Quick Brown Foxes
Last night, visiting my parents for a weekend of Passover seders, I picked up Philip Roth’s American Pastoral from the bookshelf, sat down and started reading. His writing overwhelmed me. The English language! We’ve got the best language in the world — all in one place you have words like shampoo, jaguar, pizazz, balustrade, vermillion, fuck, crepuscular, august and snooty. It’s a real duct-tape-and-safety-pins language, we can do anything, English liberty and American know-how, creating words like we’re playing with Tinkertoys. I’m a man who likes men, so I can be homosexual or gay or phallophilic. I made that last one up. David Foster Wallace writes Infinite Jest and someone has to make an online glossary to define the obscure words he uses.

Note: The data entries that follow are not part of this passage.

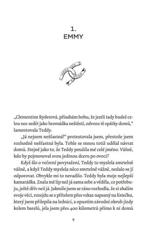 Návrat na ranč pro Emmy neznamená útěk ani úlevu, spíš tiché vyčkávání. Znovu se ocitá v prostředí, které dobře zná, a přesto se v něm necítí sebejistě. Rodinné zázemí, nevyřčená očekávání i otázky, které nikdo nepokládá, vytvářejí zvláštní napětí. Emmy je sice doma, mentálně je ale stále někde jinde. Autorka velmi dobře zachycuje její vnitřní rozpad i pomalé hledání smyslu ve chvíli, kdy zmizel cíl, který ji roky poháněl. Strach z koní tu nefunguje jen jako konkrétní trauma, ale také jako symbol ztráty kontroly a sebevědomí, s nímž se Emmy musí vyrovnat po svém a bez rychlých řešení.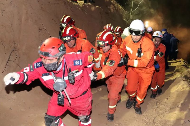 接到總隊命令后,支隊黨委立即調派介休中隊兩車十人趕赴鄉寧。同時,考慮到救援情況復雜,形勢比較嚴峻,向特勤中隊下達命令。命令特勤搶險攻堅組23人攜帶生命探測儀和、移動照明組、鑿巖機等器材裝備在最短時間內集結出發。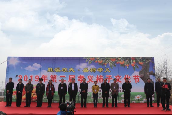 秋去冬来万物休,唯有柿树挂灯笼。欲问谁家怎不摘,等到风霜甜不溜。11月9日上午,“胜溪农夫盛柿孝义2019年第二届中国孝义柿子文化节”在山西省孝义市兑镇镇产树原村胜溪惠民生态农业专业合作社千亩牛心柿子生产加工基地盛大开幕。中国农业大学国家大学科技园创业导师、全国农业高新技术成果产品交流交易中心常务副主任、中国创意农业国际合作与发展高层论坛组委会秘书长辛士和省有关部门以及孝义市市镇领导应邀出席开幕式。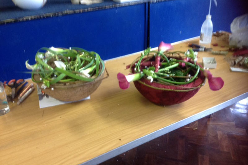 Gently bend and manipulate the flowers and other stems around the bowl with the cut ends placed into the floral foam and secure with a pearl headed pin through the stem.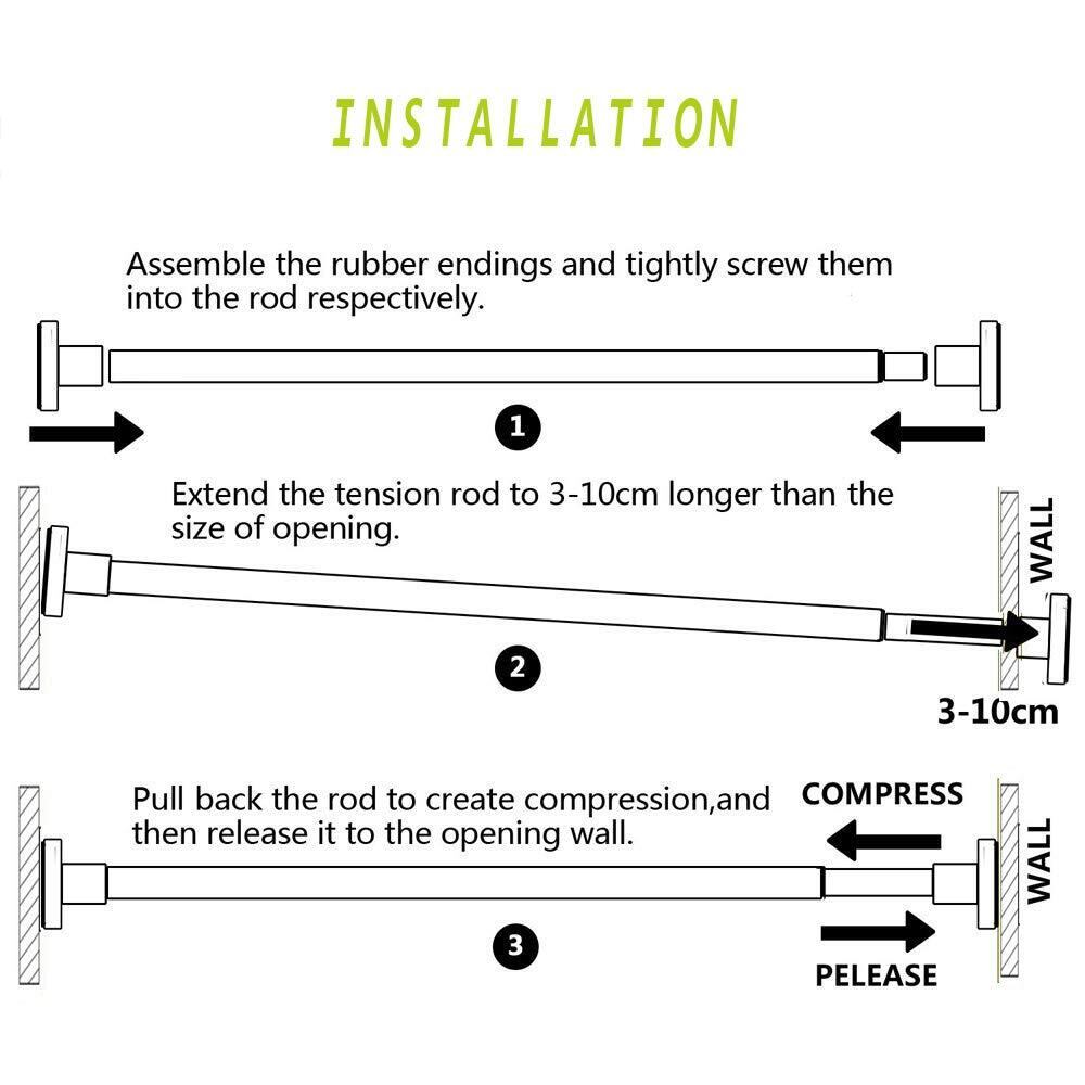 【優れた荷重能力】高品質な201ステンレス素材で製造されたつっぱり棒は強い荷重(最大15kg)に耐えられ、重い洗濯物干しや厚地のカーテンも楽々吊るせます。そして、伸縮棒は錆びが出ない上に、カビにも強いです。(ご注意:設置された長さが違うと、荷重能力は変わります。伸縮が少ない方がより荷重能力がもっとよいです)。

It was after midnight on a Sunday night and I needed to go to bed but I kept reading. I’d connect with Roth’s words and something inside me would give off electricity, I had to put things down on paper, save them, but there was no paper around so the energy bolts dissipated in the air. I tried to collect as much of them as I could. Eventually I had to go to sleep but couldn’t, because sentences and ideas kept forming in my head. Sometimes that happens — I read a writer so good, so damn skillful, that I’m simultaneously inspired and agonized with torture. I want to write that well but I never will. Yet at the same time I can, I can! I just need practice. I need to keep filling notebooks with words and eventually I’ll get there. Our words make us immortal. But before immortality, our words make us alive. Most importantly, I want to use my words to connect with other people. I shout into the void hoping that somebody will read these words, that my words will help, or influence, or infect. I exist.
Why do I blog? Why shoot my wads into thin air when I can save them up for one good fuck? But that’s a fallacy (phallus-y). Natalie Goldberg tells us that we must be brave enough to throw away a piece of writing, to toss away something that is good, because more will always come. If you are stingy, you will never have enough, but if you are generous, you will have plenty. Our bodies are constantly producing creative juices, and whether we ejaculate these juices as semen or as words, we must have faith in our neolojism. We are all wellsprings. Potential geysers.